When I got to Baltimore and immediately adjacent to the medical school, and I’m not even talking a stone’s throw. I mean, it was right there were the most blighted conditions I’d ever seen in my life. I mean homes that were largely facades, they were just brick faces, and if you stepped behind them, you just saw a pile of rubble. And there were cars up on jacks and mange dogs roaming around, rats, and babies playing in it amongst all of this. And I couldn’t understand what I was looking at. I was literally shocked, and I was being toured around by an upperclassman who saw the look of shock on my face, and he asked me what was wrong with me, and I managed to stammer around something to the effect of “When was there a war here?” It looked like Beirut. This was in the mid-1980s, and I imagined a war zone would look like this with piles of rubble around the place.
And I’ll never forget what he said to me because it changed my life. He looked at me with this look of just sheer disdain, and he said, “What did you expect? It’s the inner city”. And I thought immediately that, oh my God, I was supposed to expect these conditions. And that really kind of threw me for a loop because I was not expecting those conditions at all. And so I knew that I was in a very different place with a different set of expectations and norms, and I had to start looking at this place with a different set of eyes to understand what was tolerated in the United States that was not tolerated in Canada.
Carol Vassar, podcast host/producer:
And what did you figure out was different here in the US?
Dr. Tony Iton, The California Endowment:
Well, I mean, it took me a while because I was kind of in shock. But the conditions in East Baltimore, I mean, it wasn’t just like one system had gone awry. Every major system was on life support. The housing was in tatters, and there were more boarded-up houses than I’d ever seen in my life. People were living in them. The streets themselves had weeds growing up through the sidewalks, if there were sidewalks. The transportation system was non-existent. The stores were run down and graffiti. The schools looked battered and prison-like. There wasn’t a single system in this community that wasn’t struggling somehow. And you can’t look at that and just sort of decide that this is normal. You have to conclude that the people that live in this place have been devalued. They’re not considered worthy of just basic infrastructure and the kinds of investments that we all need to be healthy. And I realized that I couldn’t solve these problems with a stethoscope and a bag of pills and that I needed to start understanding how structure was created in this country, and primarily how policy shaped people’s living conditions and what I could do about changing that policy.
Carol Vassar, podcast host/producer:
You have been known to say, and I may be paraphrasing here, that when it comes to health, zip codes matter more than the genetic code. Tell us, based on everything you’ve now laid the groundwork for as we converse about this, how you came to that conclusion and how true that statement is.

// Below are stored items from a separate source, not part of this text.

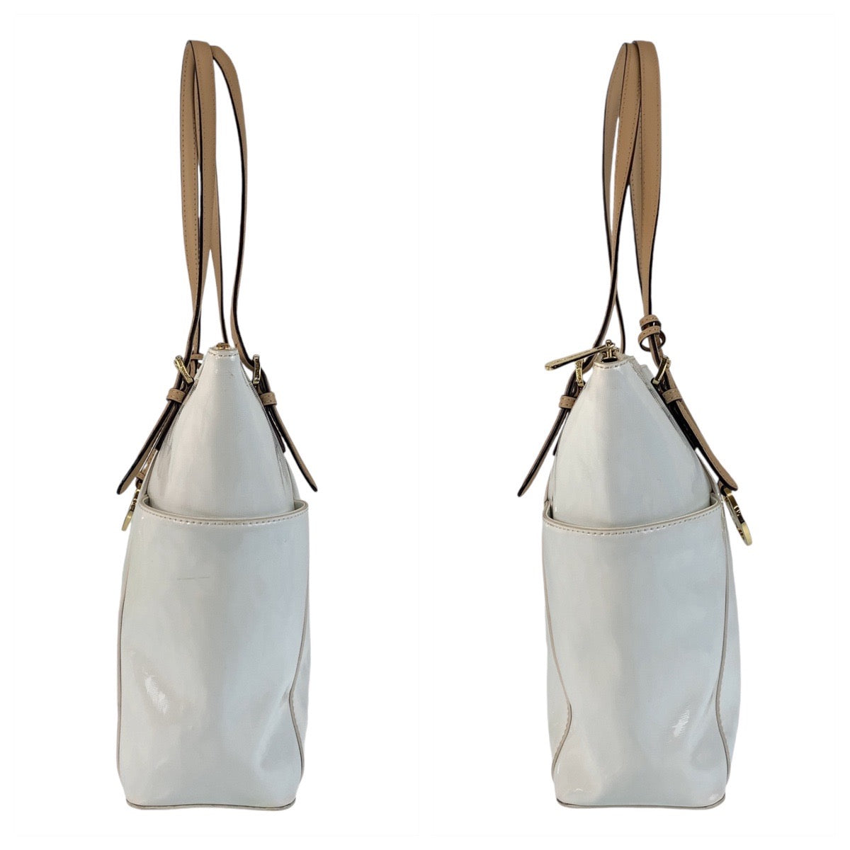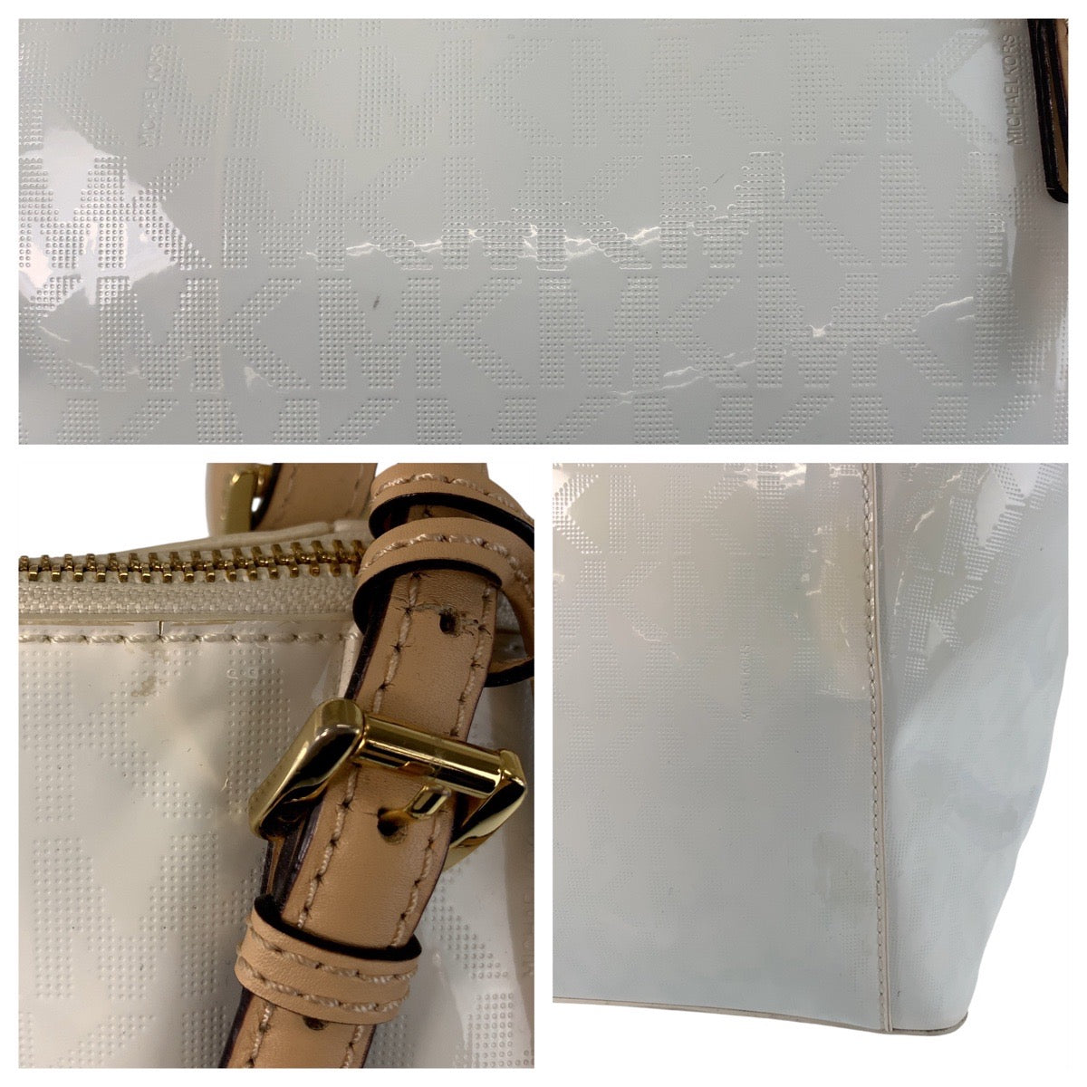 13717 Michael Kors マイケルコース ホワイト ゴールド金具 エナメル トートバッグ ショルダーバッグ レディース AB5
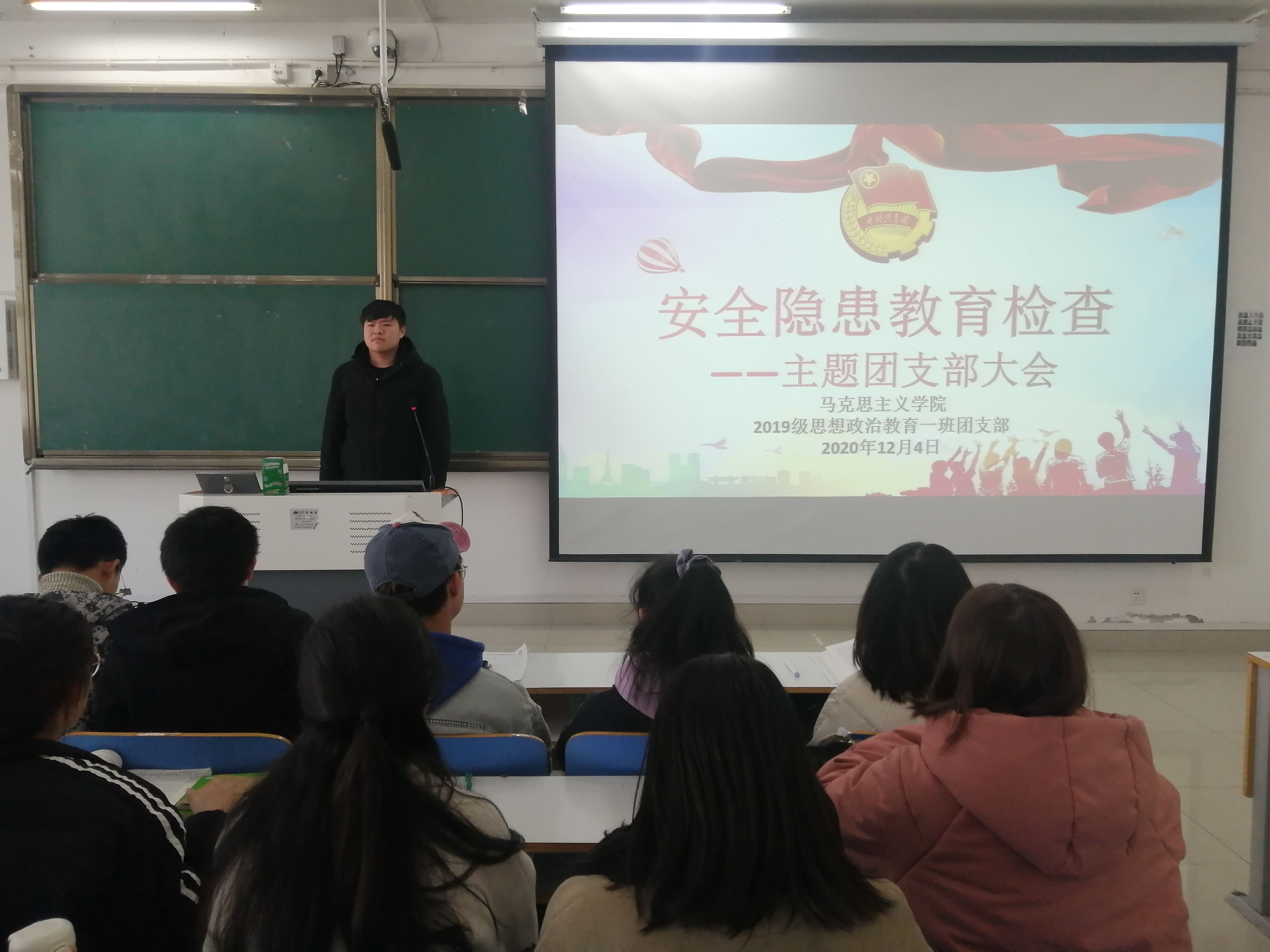 为进一步加强同学们的安全教育观念,提高同学们的避险能力。12月4日上午,sjb世俱杯网站2019级思想政治教育一班第一团支部在社科楼516教室召开“安全隐患教育”主题团支部大会。sjb世俱杯网站2019级思想政治教育一班全体成员参加本次会议,会议由副班长王民主持。
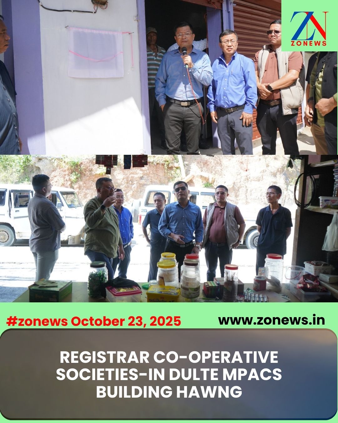 #ZONEWS Khawzawl October 23, 2025: Dulte Multipurpose Primary Agriculture Credit Societies Building cheng nuai 8 senga sak chu vawiin chawhma dar 10 khan Pu John LT Sanga, Registrar Cooperative Societies chuan a hawng.
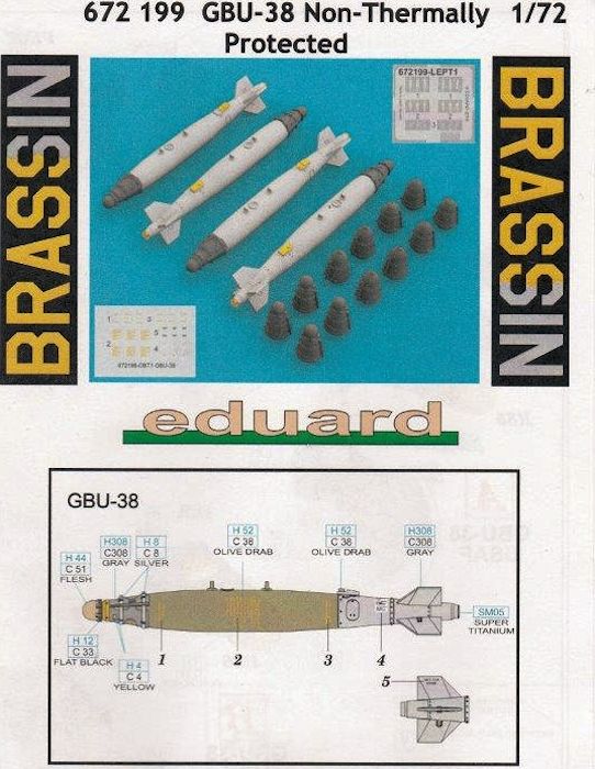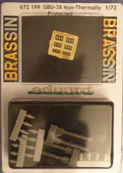 Mit der GBU-38 erweitert eduard Brassin sein reichhaltiges Angebot an modernen Abwurfwaffen im Maßstab 1/72. In der Plastikverpackung befinden sich vier Bombenkörper, und vier unterschiedliche Varianten der Aufschlagzünder. Zwei Versionen der U.S Air Force und derer zwei für die U.S Navy.
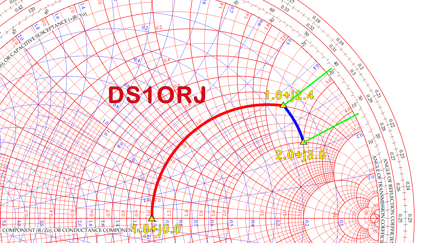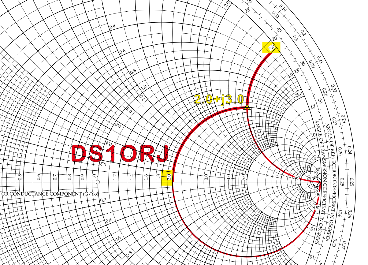 1.0+j2.4 에서 1.0+j0.0 의 중심까지 붉은색 경로는 임피던스 차트의 리액턴스 경로이다. 이 경로는 직렬로 L 또는 C 를 연결하면 이동하게 되는 경로이며 여기서는 반시계 방향(아래)으로 움직였으므로 직렬 C 에 해당한다. 회전 방향이 반대가 되면 직렬 L 이 된다. (어드미턴스와 반대인 것을 알 수 있다)
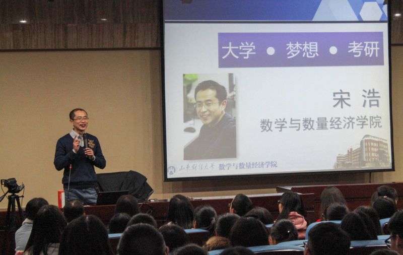 随后宋浩副教授讲解了财经类数学学习的特点与方法,并将学硕与专硕数学进行对比分析,引出考研数学成功的复习方略。他提醒考研的同学要做好充分准备,把握好正确的考研方向,用往届优秀毕业生的考研实例来激励同学们要有梦想、要有付出。
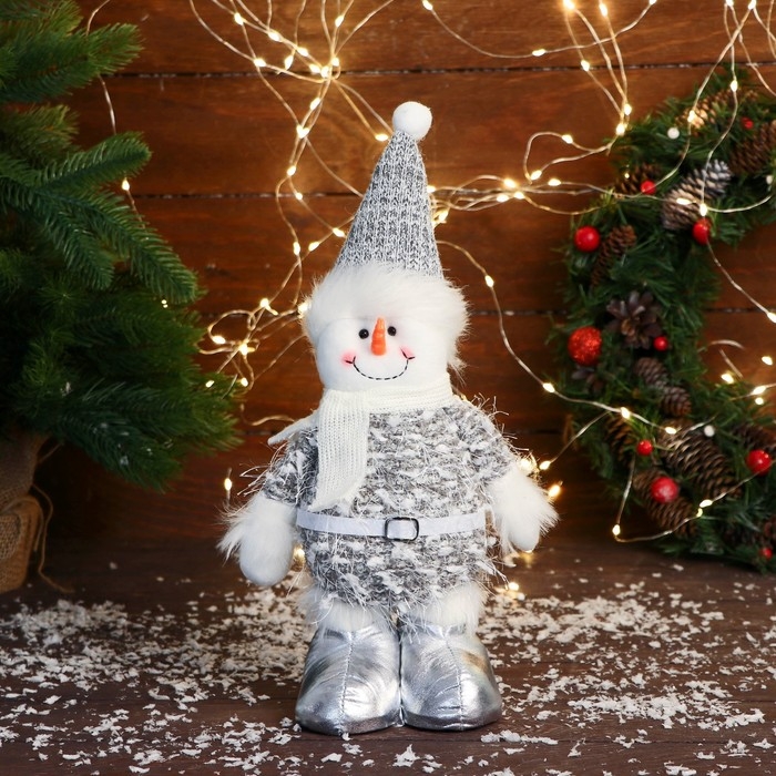 Мягкая игрушка "Снеговик в колпаке и шарфике" 16х30 см, бело-серый
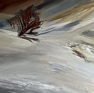 2012Dit werk, met witte tinten, die overgaan naar beige en grijze, geglaceerd in tranparante lagen, wordt geschonken voor "SAMEN TEGEN REUMA" Materiaal, kleur en compositie stralen een rust uit, die weldadig aandoet.
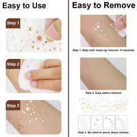 - Easy-to-Use Temporary Solution: Gold freckles temporary face tattoos are simple to apply and remove, offering a hassle-free way to experiment with freckle makeup, making them a convenient addition to your beauty routine.
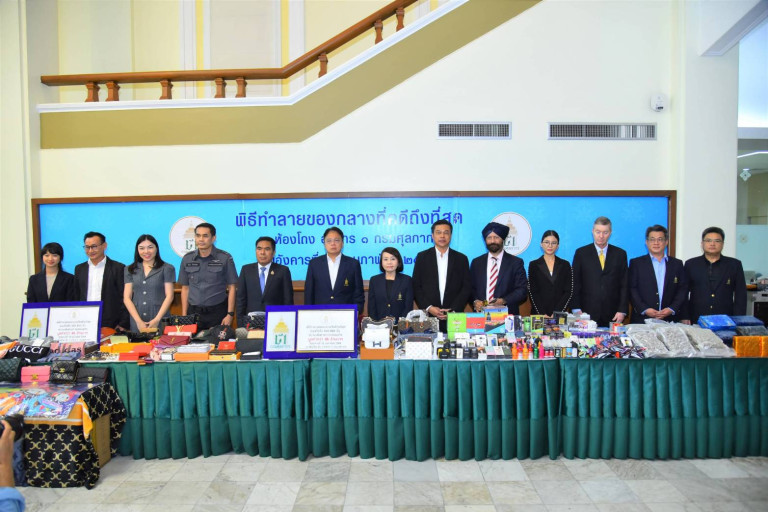 วันที่ 18 กุมภาพันธ์ 2568ที่ กรมศุลกากรจัดพิธีทำลายของกลางที่คดีถึงที่สุดแล้วไปทำลาย รวมทั้งสิ้น 602,600 ชิ้น คิดเป็นมูลค่าความเสียหายทางเศรษฐกิจกว่า 46 ล้านบาท โดยมีนายธีรัชย์ อัตนวานิช อธิบดีกรมศุลกากร เป็นประธานฯ ร่วมด้วย นางกิจจาลักษณ์ ศรีนุชศาสตร์ ที่ปรึกษาด้านพัฒนาระบบสิทธิประโยชน์ทางศุลกากร นายดิเรก คชารักษ์ รองอธิบดีกรมศุลกากร นายภาคภูมิ เลิศวัฒนารักษ์ ผู้อำนวยการกองสืบสวนและปราบปราม กรมศุลกากร นายพีรกานต์ บูรณากาญจน์ ผู้อำนวยการสำนักงานศุลกากรกรุงเทพ กรมศุลกากร นายกฤดิพรรธน์ สิงห์อุบลปิติกุล ผู้อำนวยการสำนักงานศุลกากรตรวจสินค้าท่าอากาศยานสุวรรณภูมิ พร้อมด้วย นายอาวุธ วงศ์สวัสดิ์ รองอธิบดีกรมทรัพย์สินทางปัญญา และ ร.ต.อ.วิษณุ ฉิมตระกูล รองอธิบดีกรมสอบสวนคดีพิเศษ ร่วมพิธี
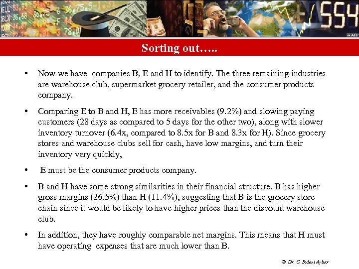 Sorting out…. . • Now we have companies B, E and H to identify. The three remaining industries are warehouse club, supermarket grocery retailer, and the consumer products company. • Comparing E to B and H, E has more receivables (9. 2%) and slowing paying customers (28 days as compared to 5 days for the other two), along with slower inventory turnover (6. 4 x, compared to 8. 5 x for B and 8. 3 x for H). Since grocery stores and warehouse clubs sell for cash, have low margins, and turn their inventory very quickly, • E must be the consumer products company. • B and H have some strong similarities in their financial structure. B has higher gross margins (26. 5%) than H (11. 4%), suggesting that B is the grocery store chain since it would be likely to have higher prices than the discount warehouse club. • In addition, they have roughly comparable net margins. This means that H must have operating expenses that are much lower than B. © Dr. C. Bulent Aybar

Dr. Tony Iton, The California Endowment:
Well, it was something that I started to think about when I was in East Baltimore in the mid-1980s because you could drive not very far from East Baltimore, literally seven minutes, and you would be in Roland Park, which was just beautiful rolling lawns and mansions and parks and river ways. And just the sheer contrast between East Baltimore and what I saw in Roland Park and other parts of the Baltimore area kind of just shook me up. I just said, well, how could somebody who lived in East Baltimore be expected to have the same health outcomes as somebody who grows up in Roland Park? And I knew that because it wasn’t just one thing in East Baltimore, that it was sort of like the constellation of various systems and resources that were all on life support in East Baltimore, I knew that those had to have health impacts.
I couldn’t prove it at that time. But subsequently, later in my career, because I never forgot this, I became a health officer in California, and I started being able to apply techniques to look at life expectancy in different geographical areas. And we found in Oakland, California, a life expectancy difference between the flatlands of the city of Oakland and the hills of 22 years, which is dramatic. I mean, that’s like Sweden to Afghanistan in the same city. And people thought initially when we did this, it was such an unusual thing, and people thought that the problem was in Oakland. And I said, no, this is not Oakland. And so we went back to Baltimore, and we worked with the Baltimore City Health Department, and we replicated the study that we had done in Oakland, and we found a 30-year life expectancy difference in Baltimore, including life expectancies of 58 years in some neighborhoods in Baltimore, some near Johns Hopkins medical school. And then other neighborhoods with life expectancies in the high 80s and low 90s.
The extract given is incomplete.